Reproduce the section of the listing that begins at the line containing "Pramoedya.id: Ketekunan dan" and finishes at the line containing "- ●冬季は凍結の恐れのため". Include both end lines and nothing beyond them.

═══ DATA FOR THE TASK

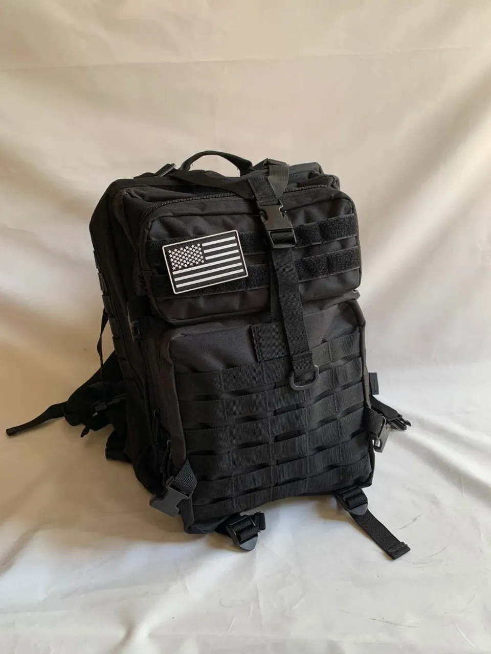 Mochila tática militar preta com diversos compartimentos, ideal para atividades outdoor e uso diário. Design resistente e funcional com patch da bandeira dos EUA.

══════
═══ DATA FOR THE TASK

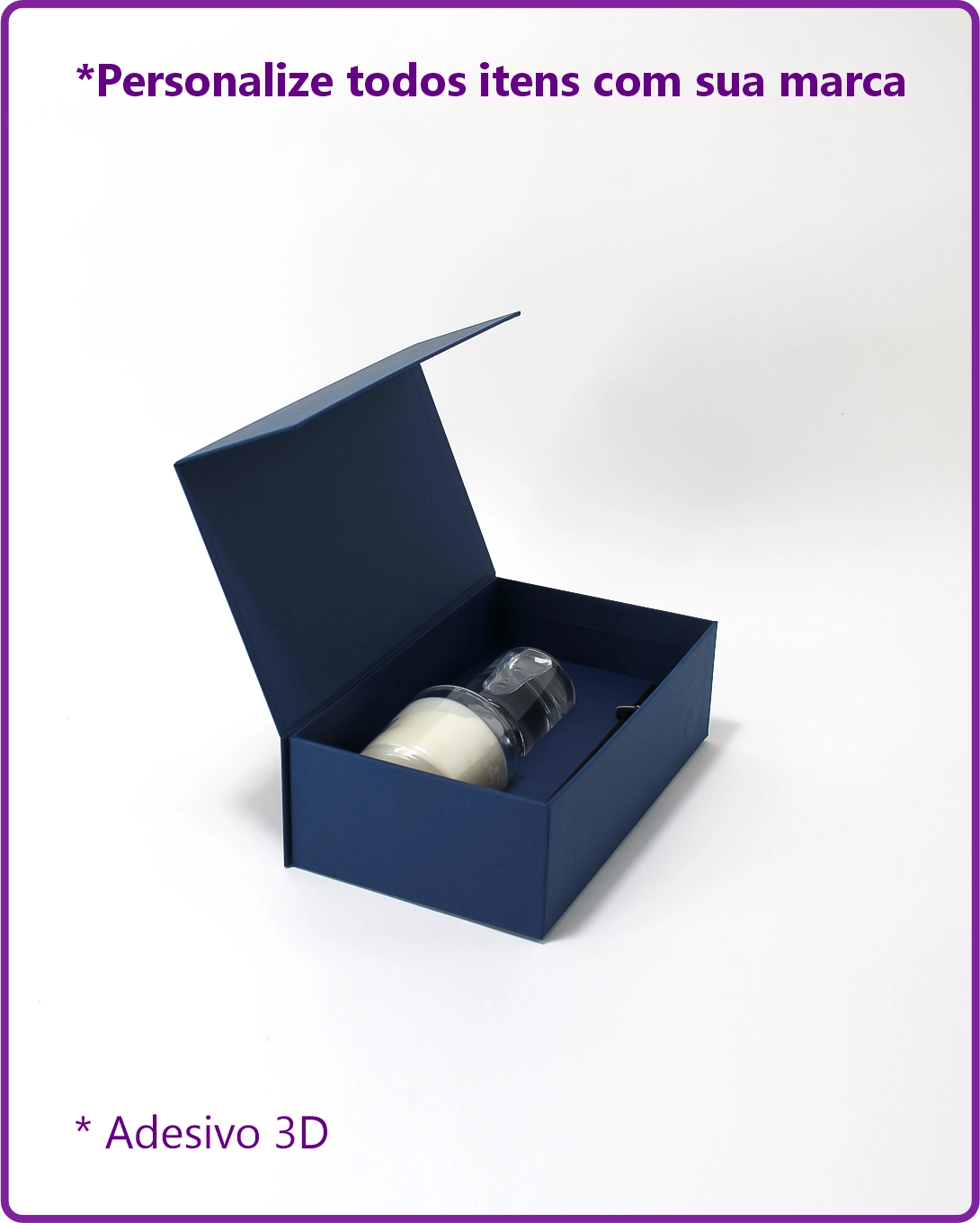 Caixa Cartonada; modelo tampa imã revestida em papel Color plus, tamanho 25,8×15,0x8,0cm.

══════
═══ DATA FOR THE TASK

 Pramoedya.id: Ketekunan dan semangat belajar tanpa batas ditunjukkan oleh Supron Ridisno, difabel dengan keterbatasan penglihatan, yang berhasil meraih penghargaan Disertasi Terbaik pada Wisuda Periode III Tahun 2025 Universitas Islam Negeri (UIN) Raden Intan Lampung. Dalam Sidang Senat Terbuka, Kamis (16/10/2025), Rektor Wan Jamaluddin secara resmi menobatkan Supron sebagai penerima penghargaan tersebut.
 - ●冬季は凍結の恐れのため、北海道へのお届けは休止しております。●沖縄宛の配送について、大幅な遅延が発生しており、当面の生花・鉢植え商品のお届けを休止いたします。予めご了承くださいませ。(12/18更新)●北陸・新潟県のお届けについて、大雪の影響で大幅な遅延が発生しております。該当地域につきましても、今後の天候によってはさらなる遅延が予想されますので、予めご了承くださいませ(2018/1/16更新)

══════

**PROBLEM SOLUTION**
 Pramoedya.id: Ketekunan dan semangat belajar tanpa batas ditunjukkan oleh Supron Ridisno, difabel dengan keterbatasan penglihatan, yang berhasil meraih penghargaan Disertasi Terbaik pada Wisuda Periode III Tahun 2025 Universitas Islam Negeri (UIN) Raden Intan Lampung. Dalam Sidang Senat Terbuka, Kamis (16/10/2025), Rektor Wan Jamaluddin secara resmi menobatkan Supron sebagai penerima penghargaan tersebut.
 - ●冬季は凍結の恐れのため、北海道へのお届けは休止しております。●沖縄宛の配送について、大幅な遅延が発生しており、当面の生花・鉢植え商品のお届けを休止いたします。予めご了承くださいませ。(12/18更新)●北陸・新潟県のお届けについて、大雪の影響で大幅な遅延が発生しております。該当地域につきましても、今後の天候によってはさらなる遅延が予想されますので、予めご了承くださいませ(2018/1/16更新)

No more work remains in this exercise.